塩崎大臣は、かつてこういう種類の問題を解決した経験を持っているわけですよ。大臣は、第一次安倍内閣の官房長官のときに、筑豊じん肺訴訟の最高裁判決で原告勝訴、そのときに同趣旨の北海道石炭じん肺訴訟では和解協議で解決をしているわけですね。今回、同じ地域で分かれているわけですよ。だったらば、あのときやったように、一括して早期解決のためのテーブルをつくって、違法性が認められた時期の全てのやっぱり被害者の救済、あのときのようにイニシアチブを発揮すべきじゃないですか、いかがですか。

○国務大臣(塩崎恭久君) そのことも当然私は認識をした上で、先ほど来申し上げているように考えているところでございます。

○小池晃君 政府、四年前に、前政権のときですが、泉南アスベスト訴訟を解決するという方向を決めた経過があると。そのときにはどれだけの方々が対象になるか試算したというふうに聞いています。その数字を明らかにされたい。

○政府参考人(土屋喜久君) お答え申し上げます。
お尋ねの点につきましては、当時の資料あるいは担当者にも当たったところでございますけれども、現時点では確認ができなかったところでございます。
今お話がございました救済すべき人数の推計という点につきましては、その参考となるものといたしまして、私ども、平成十七年から石綿暴露作業における労災認定等事業場の公表というものをやっております。この公表の中に含まれております泉南地区を管轄する岸和田署における石綿の労災認定件数、これが平成二十五年の公表分までに労災保険法に基づく保険給付の支給決定件数、これ七十九件ございます。それから、石綿救済法に基づく特別遺族給付金が三十三件、合わせて百十二件ございますので、これが今お話があった点の参考になるというふうに考えております。

○小池晃君 弁護団は、泉南地域の石綿被害者を六百名程度として、現実的な補償対象は原告とは別に六十名程度と、そういう数なんですよ、試算をされているんです。
大臣、重く受け止めるとおっしゃるのであれば、やっぱり今回の原告だけではなくて、判決で示された期間に泉南で働いて発症した全ての方々を対象にこれ解決すべきじゃないですか。

○国務大臣(塩崎恭久君) 先ほど来申し上げているとおり、様々なことを協議をしながら、今早期解決に向けて政府部内で検討をしているところでございますので、そのように御理解をいただければと思います。

○小池晃君 今回の最高裁判決は、これはっきり確定したわけであります。
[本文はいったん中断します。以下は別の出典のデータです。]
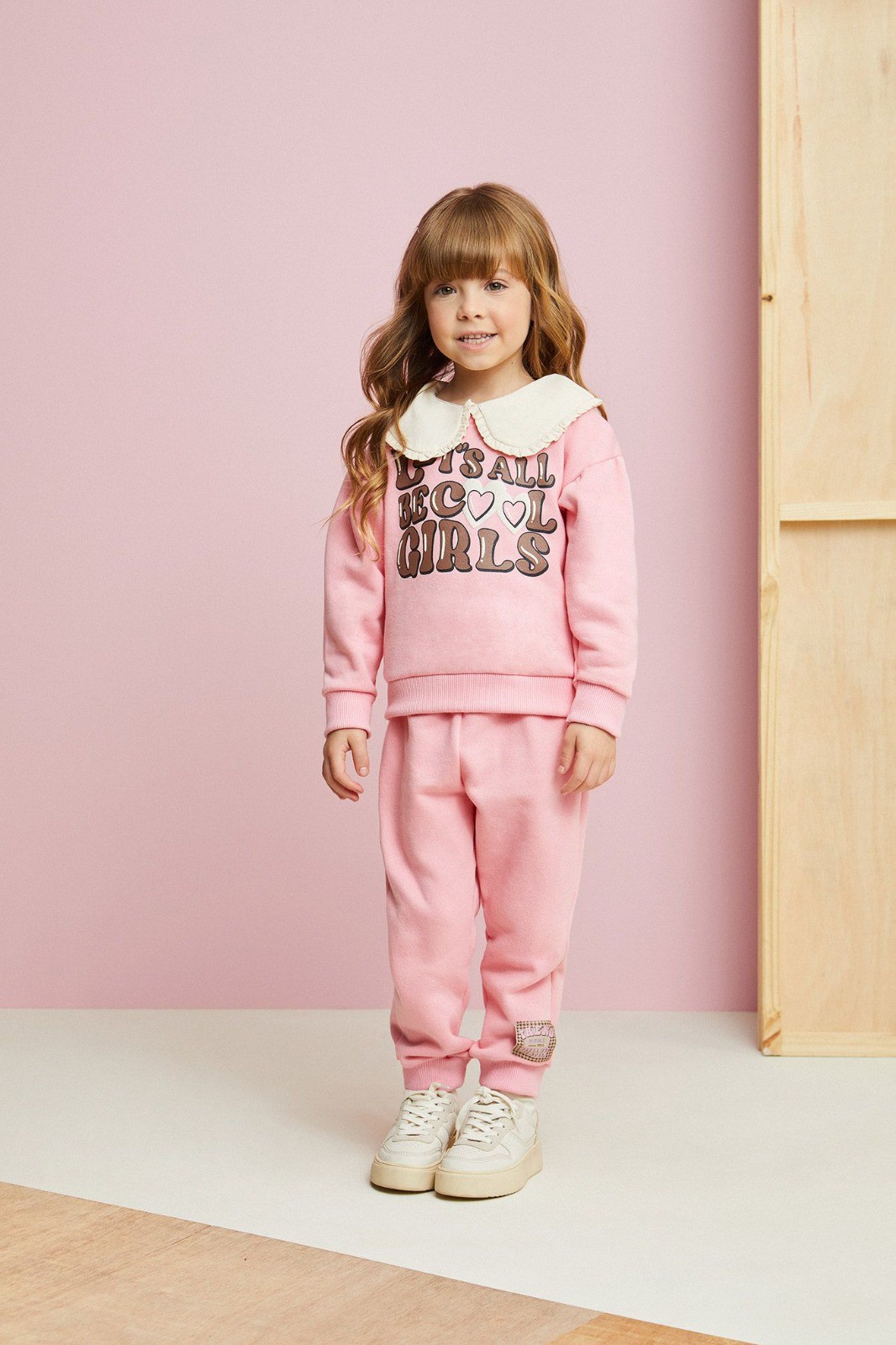 Desenvolvido em moletom, o conjunto infantil Momi possui destaque especial para o tecido felpudo que é ideal para os dias mais frios. Possui frontal com estampa, punho em ribana e cintura com elástico aumentando o conforto.
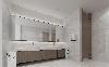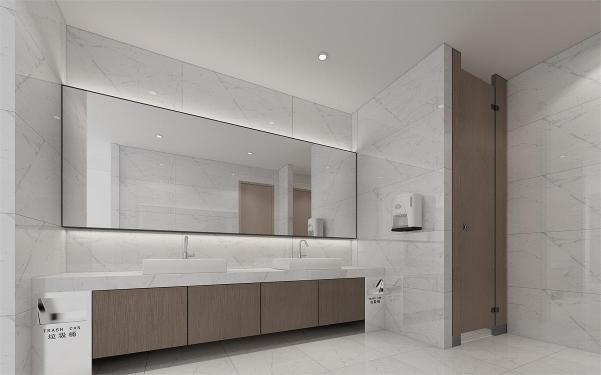 前台地板和台面采用透亮的大理石瓷砖,搭配大面积的灯带吊顶,增加整个空间的通透感,给人清新、光明、安全的舒心感。

アスベストの粉じんがもうもうと舞い上がる工場、建設現場で多くの労働者が暴露して今も被害が続いているわけですから、やはり今回のこの最高裁判決を受けて、私は、国に対してあらゆるアスベスト被害者に対して補償と救済の仕組みを整備することが求められているんだと、これはもう党派を超えた課題だということを申し上げて、質問を終わります。